Assassinio sull’Orient-Express




L’Orient-Express occupa un posto fondamentale nell’immaginario collettivo degli appassionati di letteratura poliziesca. Il libro di cui parleremo, come avrete probabilmente già capito, è Assassinio sull’Orient-Express, della famosissima scrittrice Agatha Christie. Il libro ha visto la luce nel 1934  e ancora oggi rappresenta il fiore all’occhiello della compagine di romanzi polizieschi. Composto da 215 pagine, il capolavoro di Agatha Christie ha come protagonista l’impareggiabile Hercule Poirot, un investigatore belga di fama mondiale chiamato a risolvere un delitto scomodo a bordo del famosissimo treno.
Durante un viaggio di lavoro Poirot incontra un suo vecchio amico, un certo signor Bouc, direttore della compagnia internazionale dei Vagoni Letto. I due hanno giusto pochi giorni per ricordare i vecchi tempi prima che la morte di un certo Samuel Edward Ratchett sconvolga i loro piani.
Arriviamo al delitto: un ricco uomo americano in viaggio d’affari di nome Samuel Edward Ratchett, dietro cui si cela il latitante Cassetti, già responsabile della morte della piccola Daisy Armstrong,  viene trovato morto nello scompartimento di fianco a quello dell’investigatore Poirot. L’indomani, quando viene scoperto il cadavere, Poirot e il dottor Constantine, in quel momento a bordo del treno, si recano ad ispezionare il luogo del delitto e il cadavere dell’uomo.
In questa circostanza Poirot nota un foglio bruciato sul comodino dell’uomo, che però aveva conservato una parte di esso ancora intatta, quella più importante, quella che svelava la sua reale identità. Una volta appurato che l’identità di Ratchett risponde a Cassetti, ecco che i pezzi di questo complicatissimo puzzle cominciano ad essere più chiari. Seguono numerosi interrogatori ai passeggeri del treno che, però, non svelano molto di più.
Dunque alla fine la mente geniale di Poirot produce due interessanti ipotesi, entrambe alquanto veritiere. Solo una di queste, però, porta direttamente al nome dell’assassino … (che qui non sveleremo!)
Molti sono i momenti in cui la grande creazione di Agatha Christie, ovvero Poirot, esegue ragionamenti geniali, che a persone normali come Bouc risultano privi di fondamento, e che a volte sembrano rasentare la follia. In realtà, però, tali ragionamenti alla fine si rivelano parte fondamentale per la risoluzione del caso.

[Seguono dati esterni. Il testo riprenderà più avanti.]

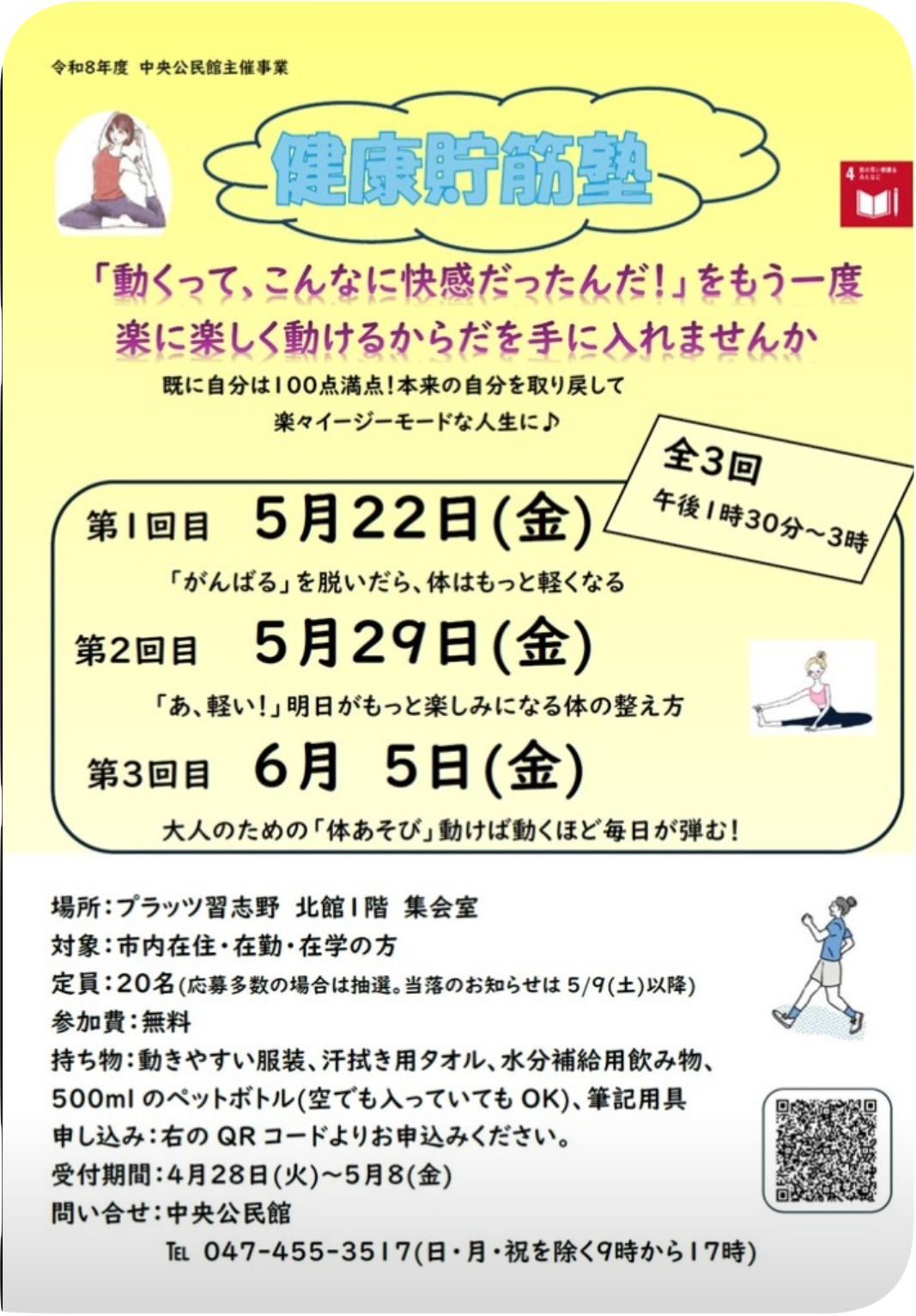 中央公民館で、「健康貯筋塾」が開催されます。今回の講座のテーマは、「健康貯筋」。日々の生活の中で、「以前より体が重く感じる」「もっと楽に体を動かしたい」という皆さん、 無理なく、楽しく体を動かすコツを学べる内容となっています。運動が久しぶりという方も参加してみてはどうでしょう。

Noi del LeviLab consigliamo la lettura di questo fantastico libro, perché è coinvolgente e a tratti anche simpatico, costruito attraverso una trama ben sviluppata. Inoltre, come è consuetudine da parte di Agatha Christie, il finale a sorpresa lascia il lettore senza fiato anche perché non chiarisce tutti i punti della vicenda in questione lasciandoli irrisolti e  incredibilmente avvolti nel mistero.

Antonio C.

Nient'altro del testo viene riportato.